Task statement
The response should repeat word for word every line below from the one with "В 1952-м появился" to the one with "The Symphony of", inclusive, and nothing else; leave pictures out.

START Working data

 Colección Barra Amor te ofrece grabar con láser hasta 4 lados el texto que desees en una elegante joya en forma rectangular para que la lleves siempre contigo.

END Working data
START Working data

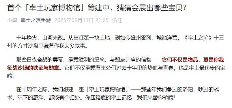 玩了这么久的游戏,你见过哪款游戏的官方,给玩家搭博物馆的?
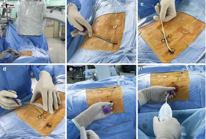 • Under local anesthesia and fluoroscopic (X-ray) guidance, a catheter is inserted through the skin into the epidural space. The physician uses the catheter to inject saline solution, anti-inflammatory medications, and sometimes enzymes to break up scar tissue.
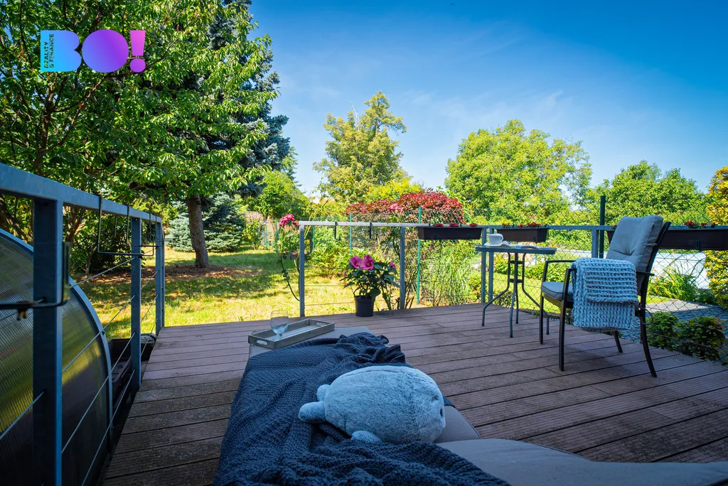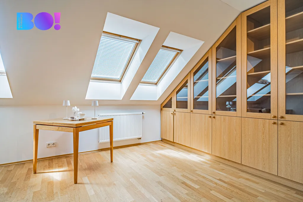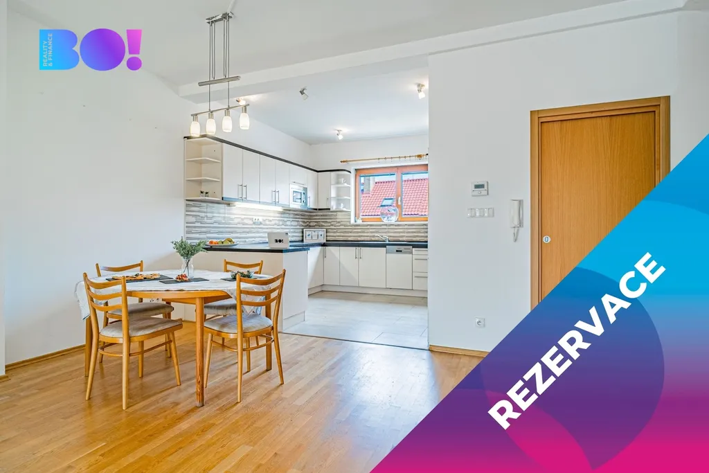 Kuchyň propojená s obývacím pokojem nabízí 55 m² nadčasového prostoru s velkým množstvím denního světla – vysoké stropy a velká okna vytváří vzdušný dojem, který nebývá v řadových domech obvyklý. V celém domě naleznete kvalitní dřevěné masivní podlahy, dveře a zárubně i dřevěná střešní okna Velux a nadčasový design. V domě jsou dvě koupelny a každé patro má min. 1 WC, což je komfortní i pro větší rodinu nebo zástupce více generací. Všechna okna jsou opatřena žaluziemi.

END Working data
START Working data

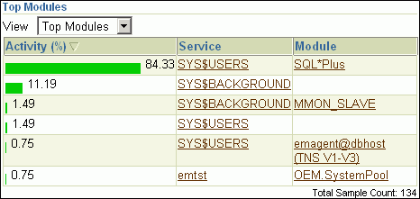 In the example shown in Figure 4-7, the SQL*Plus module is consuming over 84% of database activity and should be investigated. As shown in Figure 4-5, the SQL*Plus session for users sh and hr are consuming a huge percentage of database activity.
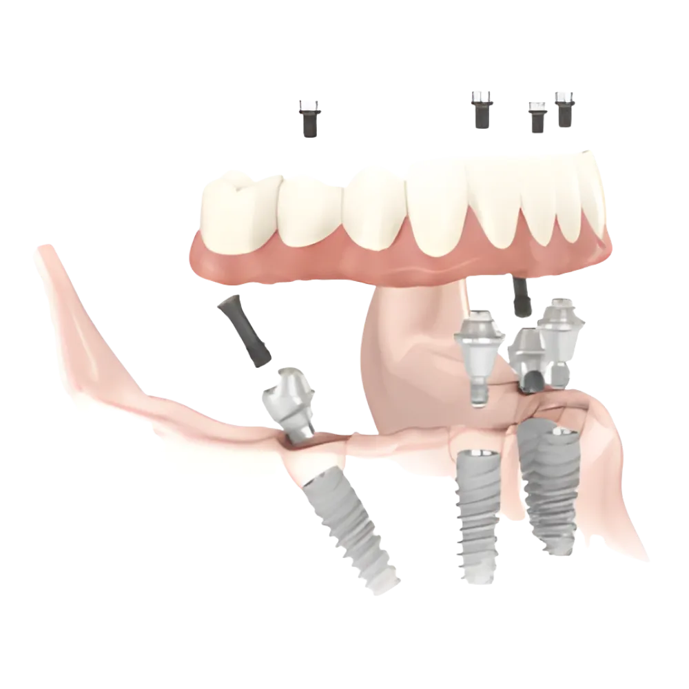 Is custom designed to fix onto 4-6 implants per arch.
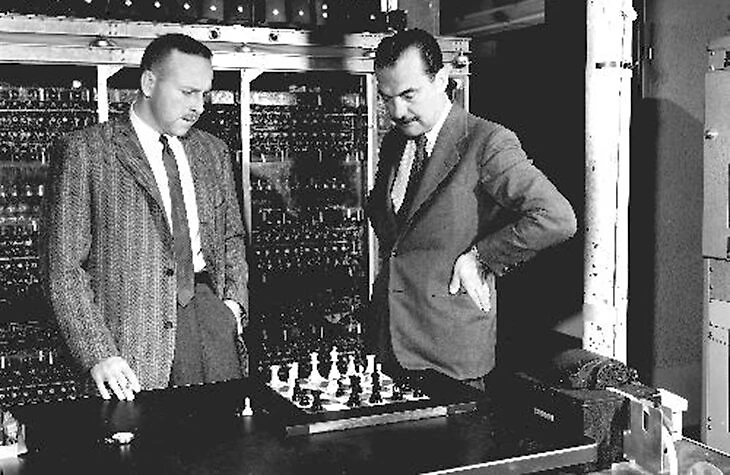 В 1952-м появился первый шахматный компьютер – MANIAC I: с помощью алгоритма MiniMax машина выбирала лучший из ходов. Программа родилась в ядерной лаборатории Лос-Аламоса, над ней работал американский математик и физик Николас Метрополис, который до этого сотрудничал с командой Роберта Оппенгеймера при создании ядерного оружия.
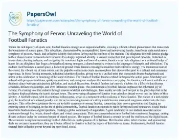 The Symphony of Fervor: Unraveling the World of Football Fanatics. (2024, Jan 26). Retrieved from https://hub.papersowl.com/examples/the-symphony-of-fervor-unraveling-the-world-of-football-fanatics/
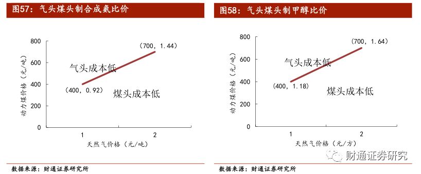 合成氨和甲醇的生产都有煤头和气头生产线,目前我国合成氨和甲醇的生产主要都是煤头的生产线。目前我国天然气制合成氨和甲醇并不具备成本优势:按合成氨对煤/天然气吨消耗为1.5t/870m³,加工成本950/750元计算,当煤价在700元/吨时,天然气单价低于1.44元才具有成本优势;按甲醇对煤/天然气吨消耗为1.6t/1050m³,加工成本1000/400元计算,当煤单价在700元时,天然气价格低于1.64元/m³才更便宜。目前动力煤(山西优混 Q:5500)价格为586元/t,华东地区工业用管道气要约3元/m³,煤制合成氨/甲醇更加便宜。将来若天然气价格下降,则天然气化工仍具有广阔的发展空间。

END Working data

Written response
 В 1952-м появился первый шахматный компьютер – MANIAC I: с помощью алгоритма MiniMax машина выбирала лучший из ходов. Программа родилась в ядерной лаборатории Лос-Аламоса, над ней работал американский математик и физик Николас Метрополис, который до этого сотрудничал с командой Роберта Оппенгеймера при создании ядерного оружия.
 The Symphony of Fervor: Unraveling the World of Football Fanatics. (2024, Jan 26). Retrieved from https://hub.papersowl.com/examples/the-symphony-of-fervor-unraveling-the-world-of-football-fanatics/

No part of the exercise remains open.